Essays After Eighty is wonderful, Donald Hall became quite the eccentric old goat after Jane died of leukemia at just 47 (he was 66). Leave it to a poet to insist on speaking honestly and bluntly of our mortal condition, and contemptuously of our timid reluctance to acknowledge straightforwardly what old Henry James called "the distinguished thing."

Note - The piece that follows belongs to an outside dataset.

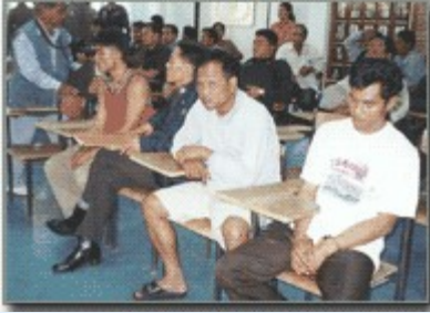
กวาดล้างกลุ่มผู้มีอิทธิพล และมีมือปืนรับจ้างก่อนการเลือกตั้ง สส.ในพื้นที่จังหวัดเพชรบูรณ์

“IT IS SENSIBLE of me to be aware that I will die one of these days. I will not pass away. Every day millions of people pass away—in obituaries, death notices, cards of consolation, e-mails to the corpse’s friends—but people don’t die. Sometimes they rest in peace, quit this world, go the way of all flesh, depart, give up the ghost, breathe a last breath, join their dear ones in heaven, meet their Maker, ascend to a better place, succumb surrounded by family, return to the Lord, go home, cross over, or leave this world. Whatever the fatuous phrase, death usually happens peacefully (asleep) or after a courageous struggle (cancer). Sometimes women lose their husbands. (Where the hell did I put him?) Some expressions are less common in print: push up the daisies, kick the bucket, croak, buy the farm, cash out. All euphemisms conceal how we gasp and choke turning blue.”
We die. I will die. That's the one sure message of Heidegger's that 's really stuck with me. Not that he was a clarion of honest language himself, the Nazi. Dasein? I prefer the old goat's way of putting the point.
One of the goat's other winning ways, for me, was his devotion to his team. He loved the Red Sox.
“Everyone who concentrates all day, in the evening needs to let the half-wit out for a walk.” Exactly. And now that I've paid for streaming I can follow all the teams and let the half-wit out for a marathon. Trying to resist that.The old goat also says “there are no happy endings, because if things are happy they have not ended.”